In this chapter we discuss an approach whereby soft diffractive phenomena are treated from a microscopic point of view starting from the scattering of the hadrons constituents, that is quarks and gluons, and we relate scattering phenomena to properties of the QCD vacuum. We have argued in chapter 6 that in QCD total cross sections are essentially nonperturbative quantities. Thus it is quite natural to think about a possible connection between the nontrivial vacuum structure of QCD, which is a typical nonperturbative phenomenon, and soft high-energy reactions.

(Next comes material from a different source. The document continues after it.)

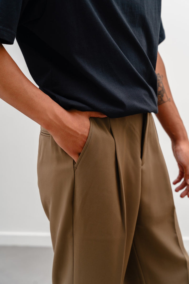 Design detail: Adjustable pants with elasticated waistband and front pleat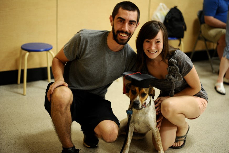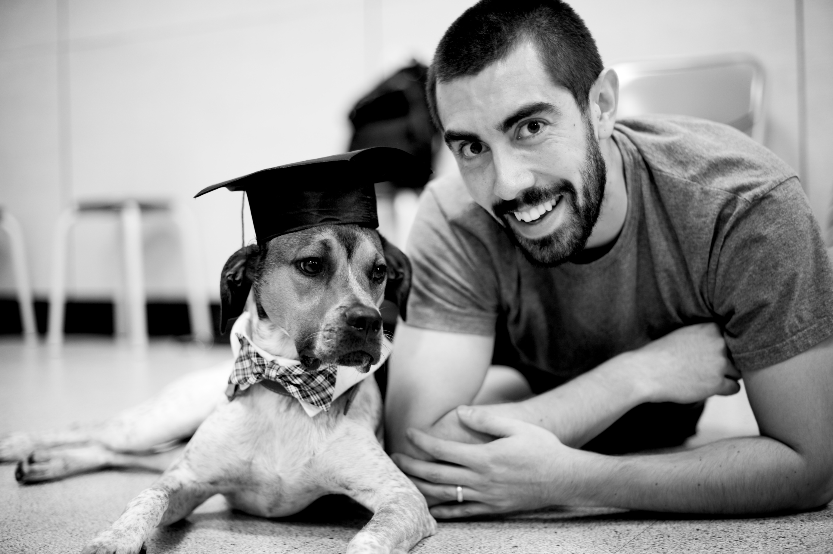 This time around, Chupete had a classmate named Scout and a family of 5 coming to work with her. Chupete had to learn to not pay attention to them and focus on us and our instructions (a huge deal for him). Also, every new command involved distractions like…the pink elephant (his kryptonite when it comes to completing any exercise correctly), squeaky toys, rawhide (irresistible) and car keys! We showed in a recent post that we have been working with him and Choripan so he could graduate with honors…and the work paid off! He was great in his final evaluation and even Choripan learned some commands! So here are some pictures of our highly educated dog and a couple of videos of his performance during his final evaluation.

The Landshoff-Nachtmann model

The Landshoff-Nachtmann model[7] seeks to understand some features of diffractive phenomena in hadron-hadron scattering in terms of the exchange of two nonperturbative gluons between quarks. It was shown that this model is capable of reproducing the additive-quark rule for total cross sections[89,415417], which we introduced in chapter 3. If one calculates two-gluon exchange in QCD perturbation theory, one does not obtain such a result[418,298]. By making detailed assumptions about the nature of the wave functions of mesons and baryons, it is possible to obtain the additive-quark rule for total cross sections from perturbative two-gluon exchange [419,420]. However, this perturbative exchange of two gluons gives the elastic hadron-hadron scattering amplitudes a singularity at t = 0 and does not reproduce the t dependence found in experiment. The observed t dependence is rather related to the elastic form factor and is obtained naturally when one makes the pomeron couple to single quarks like an even-signature isoscalar photon.